### Exercise objective
Copy every entry exactly as it reads and exclude whatever pictures appear.

───── Listed records

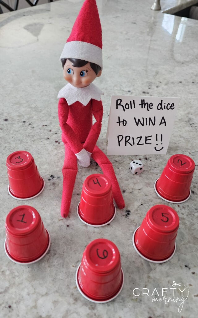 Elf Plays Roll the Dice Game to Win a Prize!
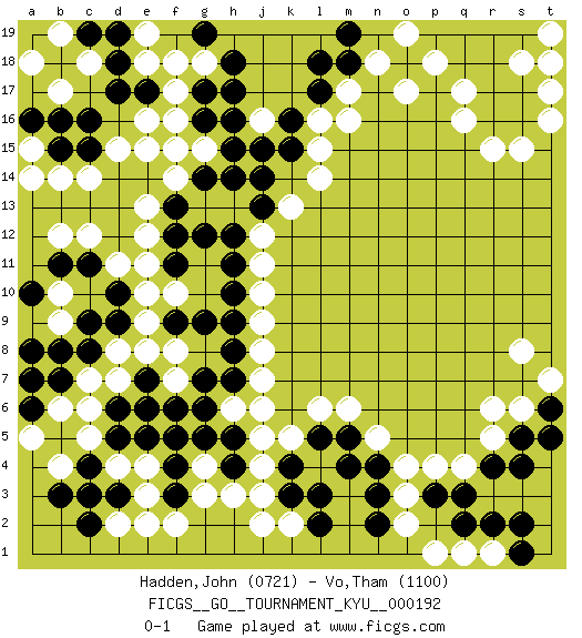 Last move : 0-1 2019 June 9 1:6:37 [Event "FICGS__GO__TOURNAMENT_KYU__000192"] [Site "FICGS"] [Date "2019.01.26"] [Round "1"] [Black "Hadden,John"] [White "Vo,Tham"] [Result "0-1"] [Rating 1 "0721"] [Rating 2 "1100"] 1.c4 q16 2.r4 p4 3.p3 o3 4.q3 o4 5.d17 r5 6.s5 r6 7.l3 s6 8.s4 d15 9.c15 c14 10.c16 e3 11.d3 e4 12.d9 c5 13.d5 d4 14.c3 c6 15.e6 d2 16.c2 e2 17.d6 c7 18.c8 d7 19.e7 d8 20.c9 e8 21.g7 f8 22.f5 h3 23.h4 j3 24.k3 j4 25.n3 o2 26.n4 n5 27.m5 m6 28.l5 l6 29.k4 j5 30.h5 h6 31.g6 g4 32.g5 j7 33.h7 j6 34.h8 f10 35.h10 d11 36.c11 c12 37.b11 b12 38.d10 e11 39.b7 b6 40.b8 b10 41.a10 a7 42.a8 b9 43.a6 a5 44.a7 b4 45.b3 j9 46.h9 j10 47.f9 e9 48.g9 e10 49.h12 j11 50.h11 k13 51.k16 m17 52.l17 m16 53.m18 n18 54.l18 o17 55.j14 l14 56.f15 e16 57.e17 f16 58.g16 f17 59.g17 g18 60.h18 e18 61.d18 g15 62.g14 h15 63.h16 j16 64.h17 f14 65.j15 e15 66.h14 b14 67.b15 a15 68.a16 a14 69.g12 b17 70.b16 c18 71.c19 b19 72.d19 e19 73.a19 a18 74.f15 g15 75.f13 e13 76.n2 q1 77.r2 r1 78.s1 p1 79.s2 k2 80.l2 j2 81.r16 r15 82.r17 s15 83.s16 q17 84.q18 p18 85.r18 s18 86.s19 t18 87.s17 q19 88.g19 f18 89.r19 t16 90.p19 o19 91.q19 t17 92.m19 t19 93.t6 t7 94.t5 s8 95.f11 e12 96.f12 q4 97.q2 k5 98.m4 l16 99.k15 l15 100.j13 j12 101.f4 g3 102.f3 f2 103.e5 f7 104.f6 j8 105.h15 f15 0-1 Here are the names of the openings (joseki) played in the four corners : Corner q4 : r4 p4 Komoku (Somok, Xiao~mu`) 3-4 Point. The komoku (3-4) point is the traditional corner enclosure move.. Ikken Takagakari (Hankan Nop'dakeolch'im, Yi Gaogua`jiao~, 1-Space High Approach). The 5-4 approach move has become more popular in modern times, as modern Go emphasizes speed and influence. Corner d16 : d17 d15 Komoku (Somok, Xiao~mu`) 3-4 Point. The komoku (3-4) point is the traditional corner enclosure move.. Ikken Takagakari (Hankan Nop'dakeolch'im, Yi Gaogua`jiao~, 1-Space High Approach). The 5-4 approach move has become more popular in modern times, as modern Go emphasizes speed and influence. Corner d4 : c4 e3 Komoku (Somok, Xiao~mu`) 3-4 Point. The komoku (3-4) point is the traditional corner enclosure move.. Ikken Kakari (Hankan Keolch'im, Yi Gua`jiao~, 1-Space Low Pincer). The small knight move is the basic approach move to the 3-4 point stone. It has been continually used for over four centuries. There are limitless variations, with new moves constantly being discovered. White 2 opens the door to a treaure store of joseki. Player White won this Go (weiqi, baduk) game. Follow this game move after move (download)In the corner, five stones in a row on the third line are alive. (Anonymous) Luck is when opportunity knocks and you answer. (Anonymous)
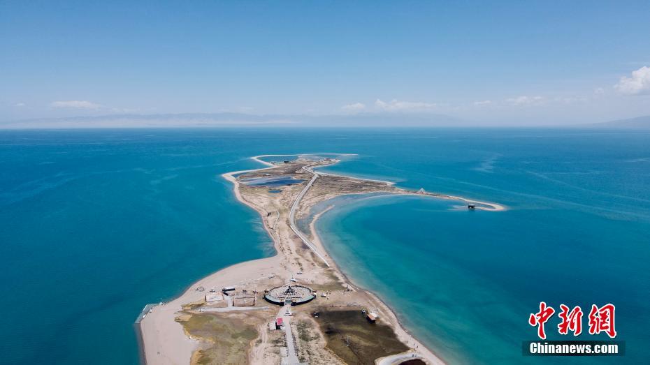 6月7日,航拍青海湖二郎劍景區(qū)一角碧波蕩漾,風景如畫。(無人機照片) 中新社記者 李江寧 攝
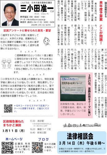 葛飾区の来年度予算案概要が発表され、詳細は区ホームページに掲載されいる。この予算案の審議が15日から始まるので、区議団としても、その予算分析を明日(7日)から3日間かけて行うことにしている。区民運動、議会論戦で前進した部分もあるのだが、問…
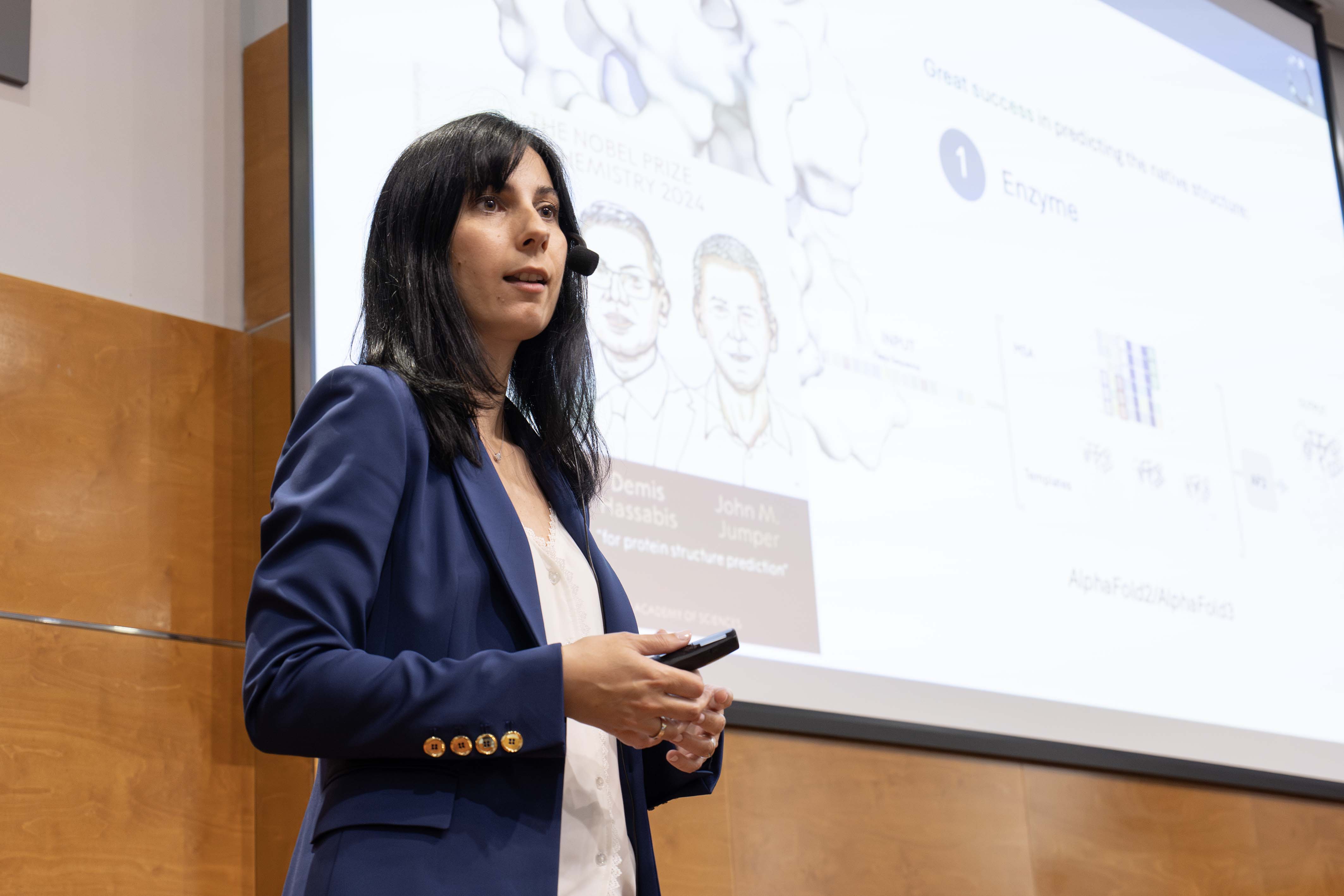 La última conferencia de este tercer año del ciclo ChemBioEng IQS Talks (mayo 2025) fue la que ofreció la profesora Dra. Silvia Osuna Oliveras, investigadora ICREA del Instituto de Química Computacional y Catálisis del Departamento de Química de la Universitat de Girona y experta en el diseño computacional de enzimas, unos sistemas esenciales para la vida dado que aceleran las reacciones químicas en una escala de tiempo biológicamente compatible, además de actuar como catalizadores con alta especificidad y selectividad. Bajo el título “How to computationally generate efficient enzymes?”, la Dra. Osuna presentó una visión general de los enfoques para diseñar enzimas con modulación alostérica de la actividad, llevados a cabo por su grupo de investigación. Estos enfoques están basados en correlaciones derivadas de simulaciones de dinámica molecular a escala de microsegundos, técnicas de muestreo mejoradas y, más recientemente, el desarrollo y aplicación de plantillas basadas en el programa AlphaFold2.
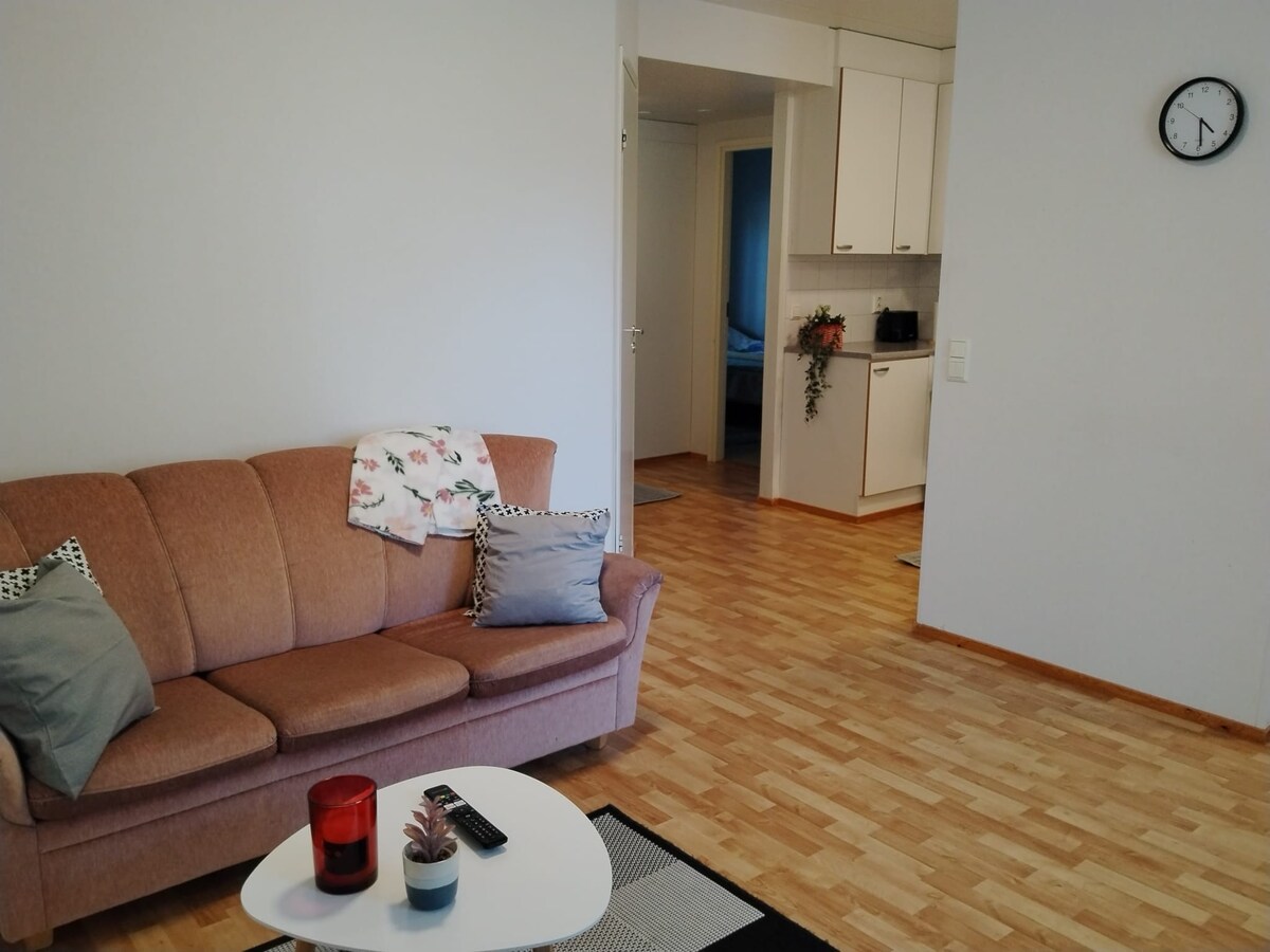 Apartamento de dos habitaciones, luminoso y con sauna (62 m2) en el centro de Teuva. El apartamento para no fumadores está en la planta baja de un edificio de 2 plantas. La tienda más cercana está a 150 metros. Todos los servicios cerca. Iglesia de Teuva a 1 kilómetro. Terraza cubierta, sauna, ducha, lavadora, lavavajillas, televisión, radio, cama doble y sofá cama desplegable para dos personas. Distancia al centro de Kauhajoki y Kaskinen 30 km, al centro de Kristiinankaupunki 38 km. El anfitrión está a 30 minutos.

──────────

### Expected answer
 Elf Plays Roll the Dice Game to Win a Prize!
 Last move : 0-1 2019 June 9 1:6:37 [Event "FICGS__GO__TOURNAMENT_KYU__000192"] [Site "FICGS"] [Date "2019.01.26"] [Round "1"] [Black "Hadden,John"] [White "Vo,Tham"] [Result "0-1"] [Rating 1 "0721"] [Rating 2 "1100"] 1.c4 q16 2.r4 p4 3.p3 o3 4.q3 o4 5.d17 r5 6.s5 r6 7.l3 s6 8.s4 d15 9.c15 c14 10.c16 e3 11.d3 e4 12.d9 c5 13.d5 d4 14.c3 c6 15.e6 d2 16.c2 e2 17.d6 c7 18.c8 d7 19.e7 d8 20.c9 e8 21.g7 f8 22.f5 h3 23.h4 j3 24.k3 j4 25.n3 o2 26.n4 n5 27.m5 m6 28.l5 l6 29.k4 j5 30.h5 h6 31.g6 g4 32.g5 j7 33.h7 j6 34.h8 f10 35.h10 d11 36.c11 c12 37.b11 b12 38.d10 e11 39.b7 b6 40.b8 b10 41.a10 a7 42.a8 b9 43.a6 a5 44.a7 b4 45.b3 j9 46.h9 j10 47.f9 e9 48.g9 e10 49.h12 j11 50.h11 k13 51.k16 m17 52.l17 m16 53.m18 n18 54.l18 o17 55.j14 l14 56.f15 e16 57.e17 f16 58.g16 f17 59.g17 g18 60.h18 e18 61.d18 g15 62.g14 h15 63.h16 j16 64.h17 f14 65.j15 e15 66.h14 b14 67.b15 a15 68.a16 a14 69.g12 b17 70.b16 c18 71.c19 b19 72.d19 e19 73.a19 a18 74.f15 g15 75.f13 e13 76.n2 q1 77.r2 r1 78.s1 p1 79.s2 k2 80.l2 j2 81.r16 r15 82.r17 s15 83.s16 q17 84.q18 p18 85.r18 s18 86.s19 t18 87.s17 q19 88.g19 f18 89.r19 t16 90.p19 o19 91.q19 t17 92.m19 t19 93.t6 t7 94.t5 s8 95.f11 e12 96.f12 q4 97.q2 k5 98.m4 l16 99.k15 l15 100.j13 j12 101.f4 g3 102.f3 f2 103.e5 f7 104.f6 j8 105.h15 f15 0-1 Here are the names of the openings (joseki) played in the four corners : Corner q4 : r4 p4 Komoku (Somok, Xiao~mu`) 3-4 Point. The komoku (3-4) point is the traditional corner enclosure move.. Ikken Takagakari (Hankan Nop'dakeolch'im, Yi Gaogua`jiao~, 1-Space High Approach). The 5-4 approach move has become more popular in modern times, as modern Go emphasizes speed and influence. Corner d16 : d17 d15 Komoku (Somok, Xiao~mu`) 3-4 Point. The komoku (3-4) point is the traditional corner enclosure move.. Ikken Takagakari (Hankan Nop'dakeolch'im, Yi Gaogua`jiao~, 1-Space High Approach). The 5-4 approach move has become more popular in modern times, as modern Go emphasizes speed and influence. Corner d4 : c4 e3 Komoku (Somok, Xiao~mu`) 3-4 Point. The komoku (3-4) point is the traditional corner enclosure move.. Ikken Kakari (Hankan Keolch'im, Yi Gua`jiao~, 1-Space Low Pincer). The small knight move is the basic approach move to the 3-4 point stone. It has been continually used for over four centuries. There are limitless variations, with new moves constantly being discovered. White 2 opens the door to a treaure store of joseki. Player White won this Go (weiqi, baduk) game. Follow this game move after move (download)In the corner, five stones in a row on the third line are alive. (Anonymous) Luck is when opportunity knocks and you answer. (Anonymous)
 6月7日,航拍青海湖二郎劍景區(qū)一角碧波蕩漾,風景如畫。(無人機照片) 中新社記者 李江寧 攝
 葛飾区の来年度予算案概要が発表され、詳細は区ホームページに掲載されいる。この予算案の審議が15日から始まるので、区議団としても、その予算分析を明日(7日)から3日間かけて行うことにしている。区民運動、議会論戦で前進した部分もあるのだが、問…
 La última conferencia de este tercer año del ciclo ChemBioEng IQS Talks (mayo 2025) fue la que ofreció la profesora Dra. Silvia Osuna Oliveras, investigadora ICREA del Instituto de Química Computacional y Catálisis del Departamento de Química de la Universitat de Girona y experta en el diseño computacional de enzimas, unos sistemas esenciales para la vida dado que aceleran las reacciones químicas en una escala de tiempo biológicamente compatible, además de actuar como catalizadores con alta especificidad y selectividad. Bajo el título “How to computationally generate efficient enzymes?”, la Dra. Osuna presentó una visión general de los enfoques para diseñar enzimas con modulación alostérica de la actividad, llevados a cabo por su grupo de investigación. Estos enfoques están basados en correlaciones derivadas de simulaciones de dinámica molecular a escala de microsegundos, técnicas de muestreo mejoradas y, más recientemente, el desarrollo y aplicación de plantillas basadas en el programa AlphaFold2.
 Apartamento de dos habitaciones, luminoso y con sauna (62 m2) en el centro de Teuva. El apartamento para no fumadores está en la planta baja de un edificio de 2 plantas. La tienda más cercana está a 150 metros. Todos los servicios cerca. Iglesia de Teuva a 1 kilómetro. Terraza cubierta, sauna, ducha, lavadora, lavavajillas, televisión, radio, cama doble y sofá cama desplegable para dos personas. Distancia al centro de Kauhajoki y Kaskinen 30 km, al centro de Kristiinankaupunki 38 km. El anfitrión está a 30 minutos.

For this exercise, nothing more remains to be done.